Impact: The initial rollout was a success. Not only did platform traffic increase by ~10% after solution deployment, but the new functionality moved previously stalled sales negotiations with major prospects. These prospective customers, two major American universities with large materials science research programs, were both converted into now important customers.

A Fabulous Failure

Problem: I had the objective to streamline the experience on the SpringerMaterials homepage. Analyzing platform usage, I determined one feature should be removed: a button leading to a collapsible menu of individual book volumes - books whose original data formed the basis of the platform. My analysis showed that only 3% of homepage visitors clicked the ‘Bookshelf’ button. This observation was corroborated by data that showed searching, rather than browsing, was the user flow to find data. Obviously the ‘Bookshelf’ button could be removed and thus it was.
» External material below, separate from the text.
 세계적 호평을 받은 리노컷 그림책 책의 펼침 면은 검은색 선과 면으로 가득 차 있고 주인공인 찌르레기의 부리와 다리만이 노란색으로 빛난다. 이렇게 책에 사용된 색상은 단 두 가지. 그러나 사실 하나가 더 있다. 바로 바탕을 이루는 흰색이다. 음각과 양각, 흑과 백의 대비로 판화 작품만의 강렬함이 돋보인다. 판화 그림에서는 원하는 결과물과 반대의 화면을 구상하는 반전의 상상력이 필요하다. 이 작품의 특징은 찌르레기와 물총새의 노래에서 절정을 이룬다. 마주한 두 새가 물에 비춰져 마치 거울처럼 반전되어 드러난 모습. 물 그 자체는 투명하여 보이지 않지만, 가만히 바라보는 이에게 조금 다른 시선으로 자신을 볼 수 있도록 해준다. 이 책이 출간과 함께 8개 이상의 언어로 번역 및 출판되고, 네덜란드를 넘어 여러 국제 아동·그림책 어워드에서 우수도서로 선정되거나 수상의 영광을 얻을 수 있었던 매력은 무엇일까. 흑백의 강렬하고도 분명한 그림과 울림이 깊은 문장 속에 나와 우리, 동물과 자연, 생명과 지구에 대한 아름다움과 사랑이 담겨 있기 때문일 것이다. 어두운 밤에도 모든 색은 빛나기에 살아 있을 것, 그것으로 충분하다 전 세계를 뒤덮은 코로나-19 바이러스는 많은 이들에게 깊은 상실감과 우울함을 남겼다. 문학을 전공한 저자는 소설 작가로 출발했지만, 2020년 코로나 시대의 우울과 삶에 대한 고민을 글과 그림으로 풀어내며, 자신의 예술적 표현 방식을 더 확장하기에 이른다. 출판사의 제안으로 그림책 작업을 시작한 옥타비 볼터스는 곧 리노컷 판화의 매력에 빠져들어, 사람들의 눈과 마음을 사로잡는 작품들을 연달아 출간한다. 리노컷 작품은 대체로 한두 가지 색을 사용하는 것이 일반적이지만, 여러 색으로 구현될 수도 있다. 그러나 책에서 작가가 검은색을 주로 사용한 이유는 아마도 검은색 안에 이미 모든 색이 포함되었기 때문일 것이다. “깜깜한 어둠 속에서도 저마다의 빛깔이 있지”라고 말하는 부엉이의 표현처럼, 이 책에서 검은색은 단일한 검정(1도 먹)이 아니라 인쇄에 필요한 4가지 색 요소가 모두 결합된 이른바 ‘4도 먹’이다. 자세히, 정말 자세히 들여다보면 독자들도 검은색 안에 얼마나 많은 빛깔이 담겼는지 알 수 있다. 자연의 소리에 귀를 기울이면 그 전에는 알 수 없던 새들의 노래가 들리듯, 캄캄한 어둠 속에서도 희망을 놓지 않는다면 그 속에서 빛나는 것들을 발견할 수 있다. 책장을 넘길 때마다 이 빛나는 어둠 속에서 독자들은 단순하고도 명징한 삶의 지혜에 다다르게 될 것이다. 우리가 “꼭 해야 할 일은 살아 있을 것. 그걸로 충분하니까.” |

Unfortunately, removing this button enraged a critical stakeholder: the buyer personas of the product! The backlash to removing the ‘Bookshelf’ button was swift: angry buyers began calling and emailing  to voice their fury at removing this button. After being berated for 45 minutes straight by an angry customer, I asked myself: why this backlash over such a little-used feature?

Screenshot of a website page with a drop-down menu showing options related to materials and books on nanomaterials, highlighting the 'Landolt-Börnstein bookshelf' option.
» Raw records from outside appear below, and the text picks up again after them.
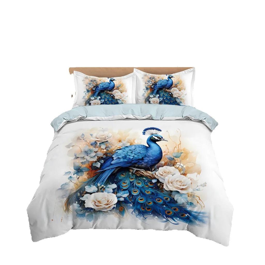 3D Peacock Bedding Set Peacock Bird Animal Duvet Cover Gorgeous Blue Feather Quilt Cover PillowcaseQueen Bedding Set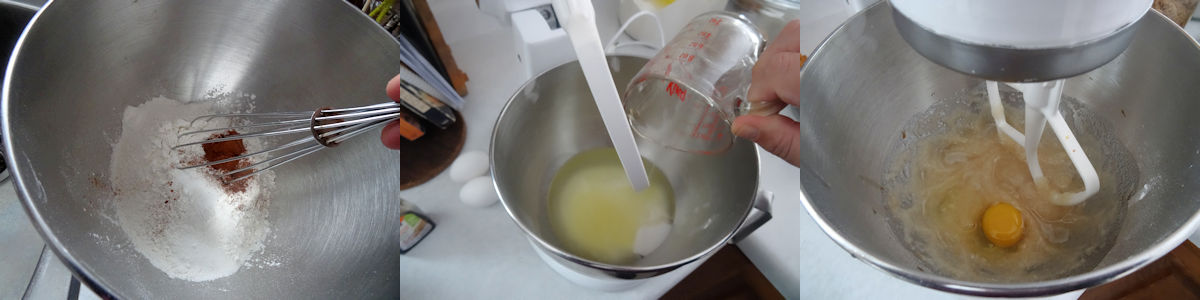 You put the sugar and oil in a bowl and mix them. Add the egg an vanilla and beat well.
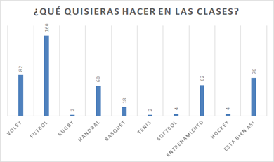 A partir de la quinta pregunta, las respuestas empezaron a ser más variadas debido a que pueden expresarse con lo que desean hacer en las clases de educación física. Un 16 % (76) explica que las clases como las realizan están bien, que no agregarían nada más; un 17 % (82) dice que quiere hacer más vóleibol; un 34 % (160) expresa su deseo por hacer fútbol; dos respuestas tuvieron un 0,5 % (2) cada una, las que piden rugbi y tenis, mientras que otras dos tuvieron un 1 % (4) cada una, y son las correspondientes a les estudiantes que quieren softbol y hockey; pidiendo clases de hándbol hubo un 13 % (60), y de básquetbol, solo un 4 % (18); por último, un 13 % (62) dice querer clases de entrenamiento de las capacidades físicas y corporales. De esta manera, nos encontramos con un alto porcentaje de practicantes que pide distintos tipos de deportes (71 %).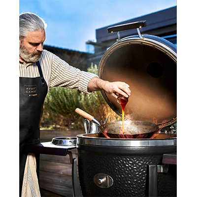 Поверхность гриля, которую при желании можно дополнить набором чугунных решеток или же расширить стальной планчей, достаточно велика, чтобы одновременно готовить несколько блюд и гарниров. Вся внутренняя система у модели Avantgarde разделена на две части. Это дает возможность одновременно совмещать приготовление двух разных блюд: одного на прямом, а другого на косвенном жару, а также в любой момент уменьшить или увеличить высоту решеток по отношению к углям. Благодаря уникальной системе подачи щепы для копчения, можно добавлять щепу прямо во время приготовления через заслонку в корпусе, не открывая крышку гриля. В комплекте поставки гриля Classic Avantgarde уже есть все необходимое для того, чтобы начать им пользоваться: керамическая футеровка, корзина для углей с разделителем, поддоны для сбора жира, керамические жароотсекатели, 2 решетки в форме полумесяца из нержавеющей стали, направляющая для подбрасывания щепы для копчения, лопатка для легкого удаления золы, а также ручка для снятия решеток. Останется приобрести качественный уголь, и Вы готовы к кулинарным открытиям! А дополнив Ваш гриль набором аксессуаров, таких как чугунная планча, камень для пиццы, сковорода-вок, вертел с электроприводом для приготовления шашлыка или большая стальная планча, гриль превратится в полноценную уличную кухню.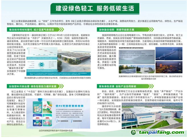 輕工業(yè)作為服務(wù)人民美好生活的重要行業(yè),以工業(yè)和消費(fèi)領(lǐng)域降碳為使命,以“雙碳”工作為總牽引,發(fā)布《輕工業(yè)重點(diǎn)領(lǐng)域碳達(dá)峰實(shí)施方案》,從生產(chǎn)端、消費(fèi)端共同發(fā)力,逐步推進(jìn)工業(yè)用能電氣化、綠色化,生產(chǎn)制造智能化、集約化,產(chǎn)品低碳化、循環(huán)化,以高水平的低碳供給,引領(lǐng)全社會(huì)綠色低碳生活理念形成。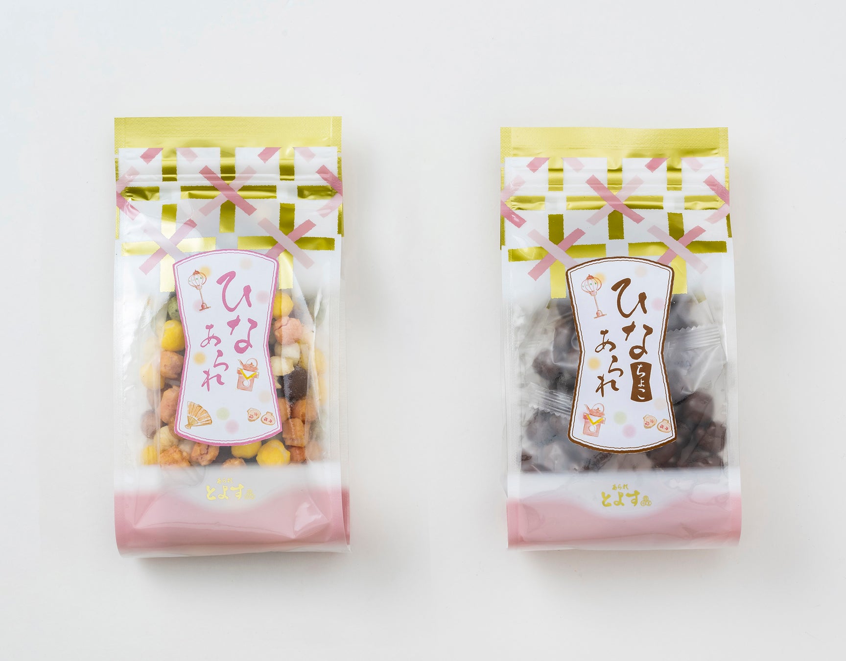 関西ではあられをひな壇に飾ったり、食べたりする風習がありましたが、1960年(昭和35年)頃に、初めて米菓メーカーとして商品化したのが、「とよす」です。京都で昔から伝わる宮中の雛菓子「引千切(ひっちぎり)」をヒントに、ひな壇に飾る美しいお菓子を作りたいというところからの発想でした。お米をそのままの形で膨らませた、甘い味付けの関東のひなあられと違い、関西のひなあられは、直径1cm くらいのもち米のあられで、5色のあられを混ぜたものをいいます。5色の色は、古く中国から伝わった陰陽五行の火=赤・木=青・土=黄・金=白・水=黒となり、魔除け・厄除けの意味があります。神社などでみかける幕や、こいのぼりの吹き流しもこの5色です。「とよすのひなあられ」は、えび・お砂糖・お醤油・青のり・サラダの5種類の味で5色を表現。子供たちの健やかな成長を願い、厄除けの祈りを込めました。昭和40年代からはもっと子供たちに喜んでもらいたいという想いからチョコレートのあられが加わり、現在のスタイルになりました。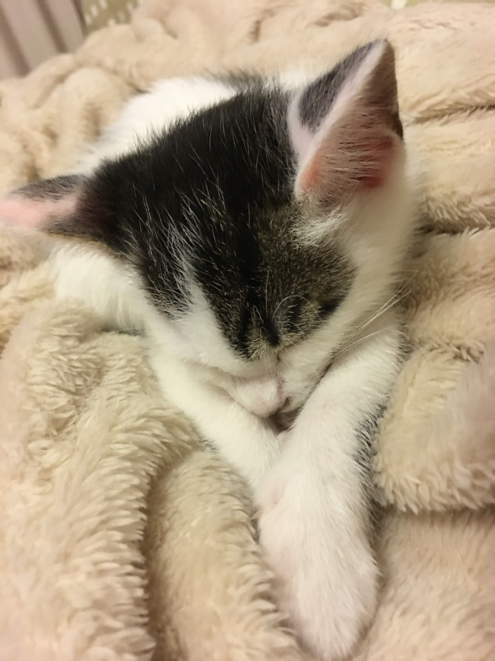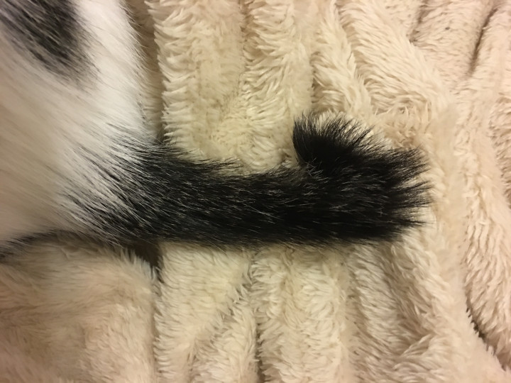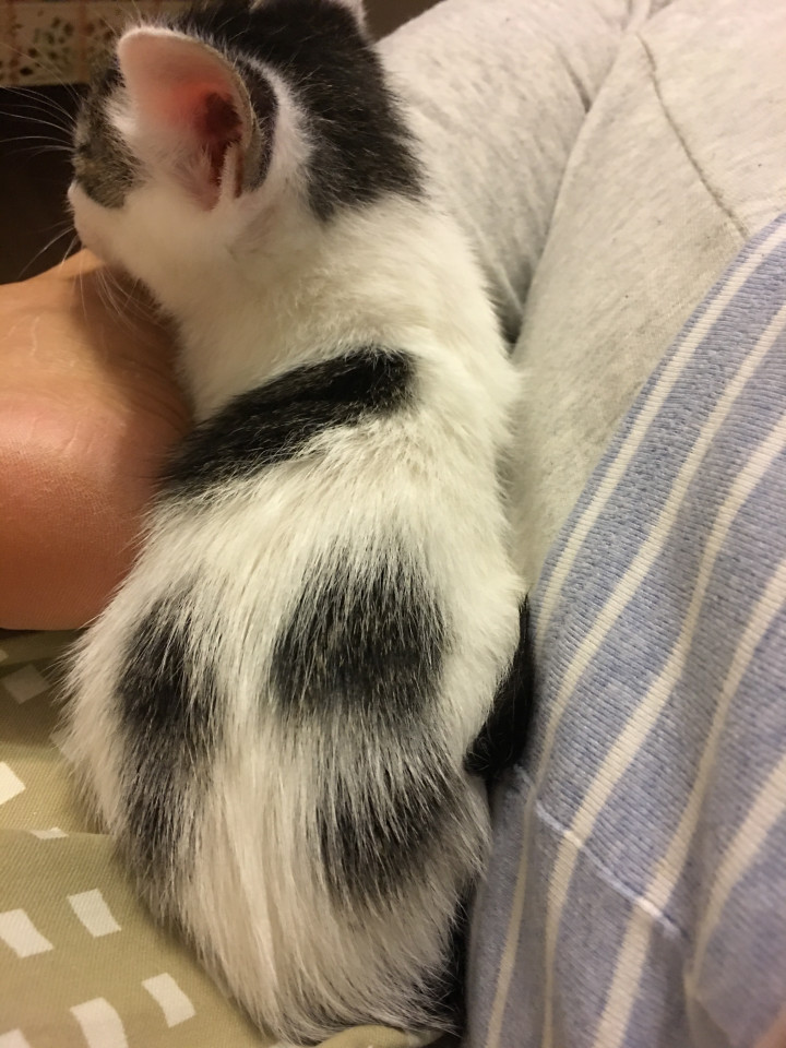 おしりにひっついて、足にアゴをのせて寝ていました。

Solution: One of the biggest challenges in B2B product management is the disconnect between the product users and product buyers, who are not the same are rarely interact in many (most?) organizations.

The product buyers for my main customer segment (academic research institutions) needed to justify their purchases to higher ranking budget holders. One of their main arguments was that the SpringerMaterials platform contains huge amounts of data across many materials science areas. This fact was not readily apparent from the clean and simple search bar but it could be more easily visualized with collapsible menus of the bookshelf feature.
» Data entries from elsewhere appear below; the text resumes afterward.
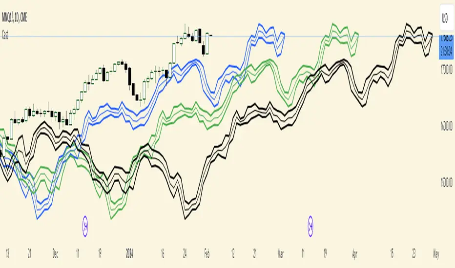 This indicator plots a visualization of the 20-40-60 day IPDA data range; (The IPDA data range helps traders identify liquidity, price gaps, and equilibrium points in the market, providing insights for optimal trade entries and market structure shifts). It does this using the same SMA logic as the intraday plot. What this means is it offsets the historical data of the daily chart 20, 40, or 60 bars forward. You can plot any combination of the three on the chart at one time, but these will not show on the intraday chart. This allows for visualization of where the market will possibly seek liquidity, seek to rebalance, or seek equilibrium in the future.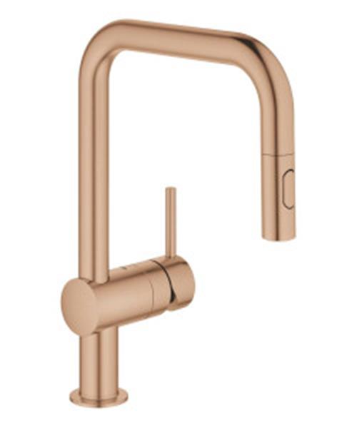 Intuïtief in gebruik, strak om te zien en ontworpen om geweldige prestaties te leveren; de GROHE Minta eengreeps keuken mengkraan in stijlvol Brushed Warm Sunset vormt een aanwinst voor iedere drukke moderne keuken. De hoge U-vormige uitloop is perfect voor het vullen van grote potten en pannen en de uitloop draait 360° rond, waardoor het de ideale keuze is voor dubbele spoelbakken. Voor totale flexibiliteit beschikt hij ook over een uittrekbare comfortabele mousseur - met een druk op de knop kan je schakelen tussen een fijne straal en een krachtige straal, ideaal voor het spoelen van potten en pannen of het reinigen van de bak. Het GROHE EasyDock-systeem betekent ook dat de mousseur gemakkelijk en netjes kan worden ingetrokken als je klaar bent en kalkaanslag verwijder je met een veeg van je vinger van de SpeedClean siliconen sproeigaatjes.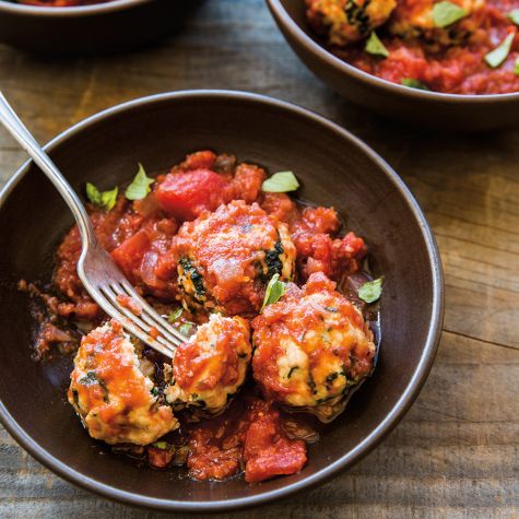 Ladle the sauce into shallow bowls and top with 3 or 4 meatballs. Garnish with the basil and serve immediately. Serves 4 to 6.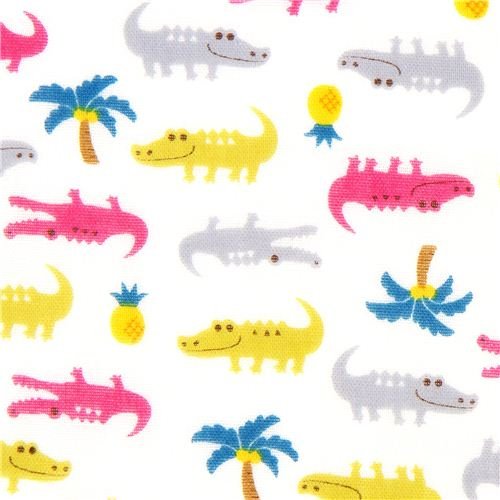double gauze fabric little crocodiles from, Japanese designer fabric with colourful crocodiles, palm trees & pineapple by Kokka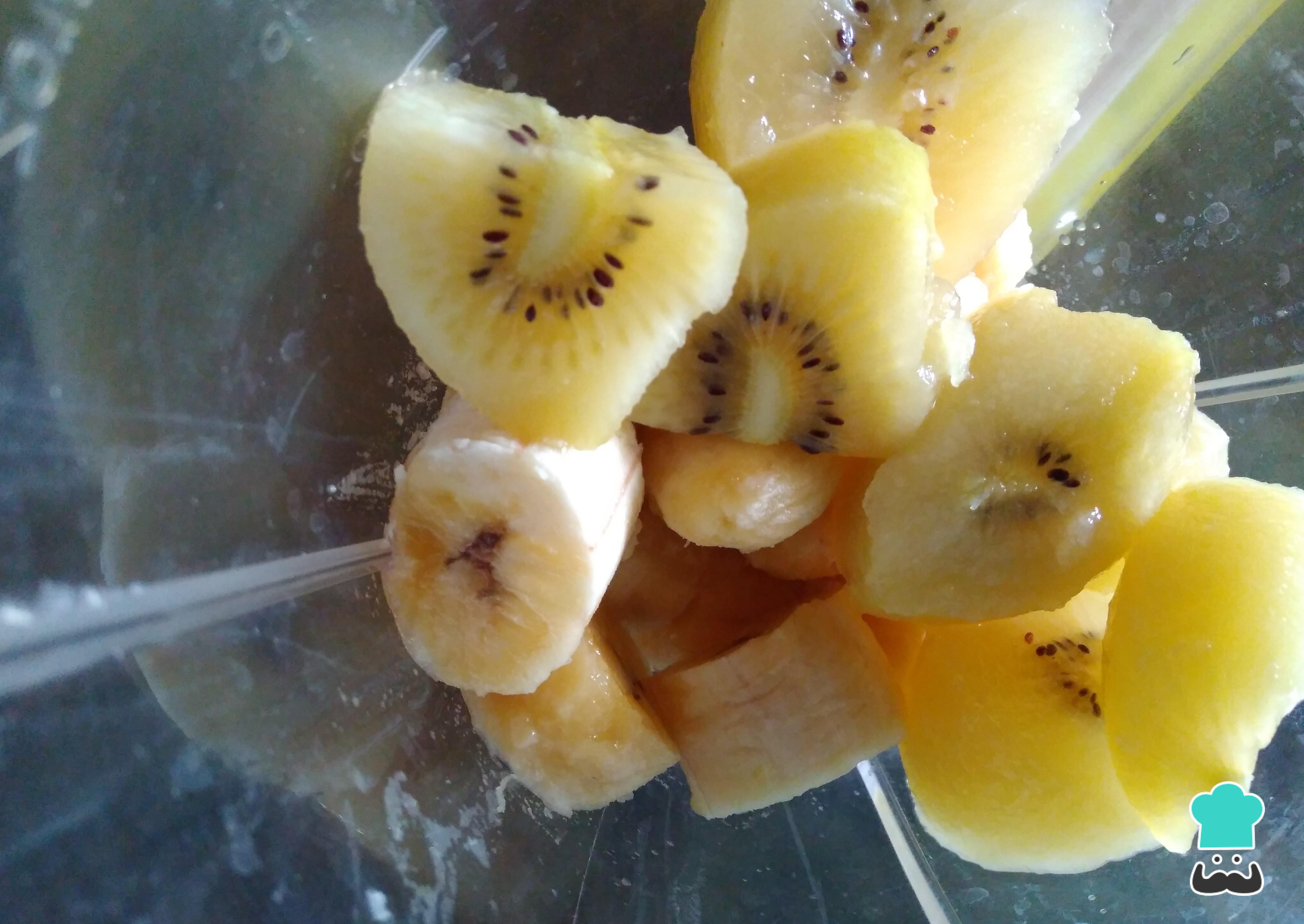 Hacemos lo mismo con el kiwi, pelamos y cortamos la fruta y la añadimos en el vaso de la licuadora. Yo he utilizado kiwis amarillos que son más jugosos, pero puedes usar el clásico kiwi verde.

The ‘solution’ in this case was then obvious: bring back the ‘Bookshelf’ button but also make it easier to navigate, thus meeting the needs of the economic buyers.

Impact: Reviving the ‘Bookshelf’ feature not only smoothed relations with angry buyers, but also created some good-will with customers. In particular, the responsiveness to listen to buyer needs proved pivotal in retaining key customers at government research labs in North America. To date, this debacle is one of my favorite ‘failure’ stories in my product management career!